We evaluated the performance of our model using the following evaluation metrics: Accuracy, Precision, Recall, and F1-score. The expression of these metrics is given as follows:

Accuracy: the easiest performance metric to understand is accuracy, which is just the proportion of correctly predicted observations to all observations. $\frac{T P + T N}{T P + F N + T N + F P}$
Recall: is a metric for how well a model detects True Positives. $\frac{T P}{T P + F N}$
Precision: is the ratio of accurately anticipated positive observations to all actual class observations—yes. $\frac{T P}{T P + F P}$
F1-score: is the average of Precision and Recall, weighted. $2 \frac{\Pr e c i s i o n * Re c a l l}{\Pr e c i s i o n + Re c a l l}$

where TP, TN, FN, and FP are defined respectively as:

(TP) A test outcome that accurately detects the existence of a condition or characteristic.

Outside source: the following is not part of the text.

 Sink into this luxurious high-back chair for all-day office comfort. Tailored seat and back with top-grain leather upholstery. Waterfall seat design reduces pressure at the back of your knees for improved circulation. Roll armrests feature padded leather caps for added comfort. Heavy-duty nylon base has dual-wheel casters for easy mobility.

(TN) A test outcome that accurately demonstrates the absence of a condition or characteristic.

(FN) A test result that falsely suggests the presence of a certain condition or attribute.

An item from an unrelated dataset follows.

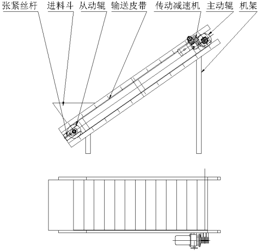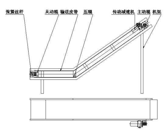 示意圖②:該提升機主要由機架、進料鬥、張緊絲杆、輸送皮帶、主動輥、從動輥、傳動減速機等部件組成。

(FP) A test result that falsely suggests the absence of a certain condition or attribute.

Moreover, we elaborated the macro average and weighted average metrics, we mounted the cost, training accuracy, and training accuracy/validation accuracy curves according to the epochs, and finally we displayed the confusion matrix.

5.4. Performance Evaluation

We evaluated the performance of our system through the following steps: the first contains a detailed study of the audio, text, and bimodal (text + audio) modalities; the second presented a test on the multimodal system, and the third, a comparison with existing works.

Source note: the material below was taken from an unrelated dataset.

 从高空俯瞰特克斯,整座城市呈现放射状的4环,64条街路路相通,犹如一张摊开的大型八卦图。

5.4.1. Performance Study on Audio, Text, and Bimodal Modalities

The training, validation, and test sets for the MELD dataset were already separated, as was previously announced. Since we needed the findings, we constructed our model, adjusted the training hyperparameters based on the training and validation sets, and tested the model on the test set.

The tables above display the metrics of the three modalities obtained with the MELD dataset. Each metric for a given modality generates different values for every emotion. This block of values (modality, emotion) is called the test classification results.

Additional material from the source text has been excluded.